I’ve been cooking and baking like nobody’s business over the past 2 weeks, but it seems like I don’t have much to show for it here on the blog. That’s going to change VERY soon, though. I was just hired for seasonal employment at a big department store, but once the December holidays are over, I’m going to try to publish new recipe posts for you all 3 times a week. Pinkie promise! So this blackberry Linzer cookies recipe is my December submission for the Creative Cookie Exchange.
Each month we have a theme to bake our cookies around. You may remember my November submission was Caramel Apple Popcorn Cookies. Those were a HUGE hit! This month, everyone in the group thought it would a great idea to give you recipes for cookies that you can make ahead and freeze until you’re ready to bake and decorate them. It takes a bunch of busy work from you in December so that you can focus on your holiday entertaining, shopping, and anything else you’d like to be doing. Of course, maybe you ENJOY being crazy busy, in which case, I’ll bring you a notepad full of things from MY to-do list!
If you’re looking for inspiration for this month’s theme, check out what all of the hosting bloggers have made so far:
Salted Dark Chocolate Crisps from The Spiced Life
I love shortbread cookies, and linzers are really just shortbread dough with some nut flour (typically, almond or hazelnut) and a dash of flavored extract added to it. Of course, the primo ballerina of linzers are the preserves or chocolate that peek through the top of the cookie. For these cookies, I used almond flour, lemon extract, and blackberry preserves. Oh my goodness…they’re SO yummi!
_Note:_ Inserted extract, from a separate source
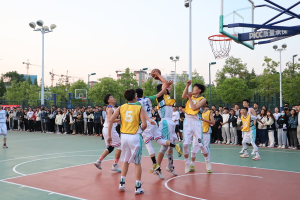 决赛球场四周被热情洋溢的观众围的水泄不通,加油助威声此起彼伏。面对老对手地球科学与技术学院,主力尽显,全员出战,一开始就直接进入到白热化阶段,双方你来我往互不相让,突破、抢断,中投、三分,比分不断交替上升,但上半场遗憾落后五分,紧张的比拼让双方都不敢放松,依靠精湛的球技,坚持不懈,第三节成功追平比分,第四节一波高潮领先对手五分,以62比57的比分一举拿下比赛,卫冕冠军,拿到云帆杯第十六届、第十七届两连胜。

The first step in the process for this linzer cookies recipe was to cut them out. I used special linzer cookie cutters that came with 5 different patterns in the box, but regular cookie cutters will work just fine. You’ll need a 2-inch cookie cutter for the cookie shape and a tiny cookie cutter to cut the shape of your choice from the center of the tops of each cookie.
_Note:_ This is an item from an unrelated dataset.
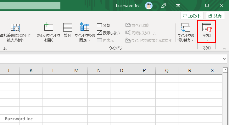 「マクロ」ウィンドウが表示されます。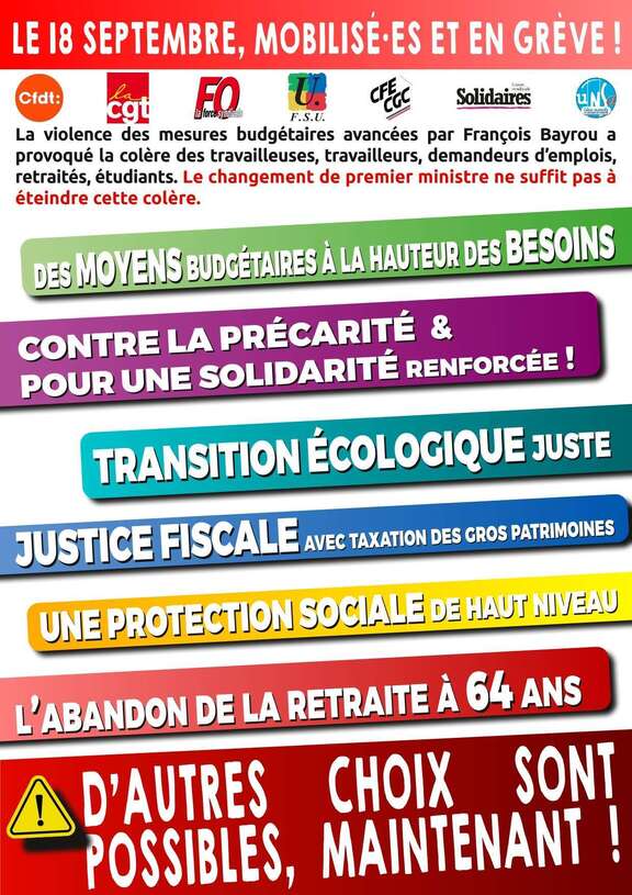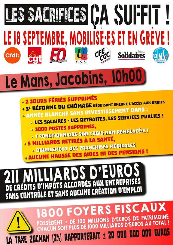 Nos organisations appellent à une journée de mobilisation le 18 septembre 2025 à 10h, Place des Jacobins au Mans, par la grève et la manifestation. Le musée des horreurs du projet de budget doit être abandonné. Les exigences sociales doivent être enfin prises en compte ! Nous voulons :

After you’ve prepared the dough, cut the shapes out and lay them onto sheets of parchment paper or silicone baking mats. If you want to freeze the unbaked cookie dough from this point, you definitely can. My preference is to bake them first so that when I’m ready to serve them, all I have to do is remove them from the freezer, dust the tops with powdered sugar, and fill them with jam.
What do you think? I think it’s time to bake up this linzer cookie recipe!
- 2.5 ounces (1/3 cup) almond flour
- 6.6 ounces (1.5 cups) all-purpose flour
- 4 ounces unsalted butter, at room temperature
- 1/2 cup confectioners' sugar
- 1 tsp grated lemon zest
- 1/2 tsp lemon extract
- 1 egg
- Blackberry jam (or flavor of your preference)
- Sifted confectioners' sugar, for dusting
- Heat oven to 350 degrees F.
- In a medium bowl, use a hand or stand mixer to combine butter and 1/2 cup confectioners' sugar, until light and creamy. Add egg and lemon extract and beat until combined. Add flour and lemon zest and mix ONLY until most of the flour is combined. Do NOT over mix or your cookies will be tough and crumbly.
- Divide dough in half and wrap each half in plastic. Chill for at least 30 minutes.
- Roll out dough halves on a floured surface. Using small round cookie cutters, cut out cookie bottoms and tops. With a patterned mini cutter, cut a center hole into each of the tops.
- Bake for 7 to 9 minutes or until barely golden. The less browned they are, the softer the finished cookies will be.
- Cool on a wire rack. Place baked cookies into freezer safe plastic bags or wrap with plastic wrap and an exterior layer of aluminum foil to prevent freezer burn.
- When ready to assemble and serve, thaw cookies. Sprinkle tops of cookies with confectioners' sugar; spread a thin layer of jam onto bottom of each cookie and place a dusted top onto the top,pressing gently.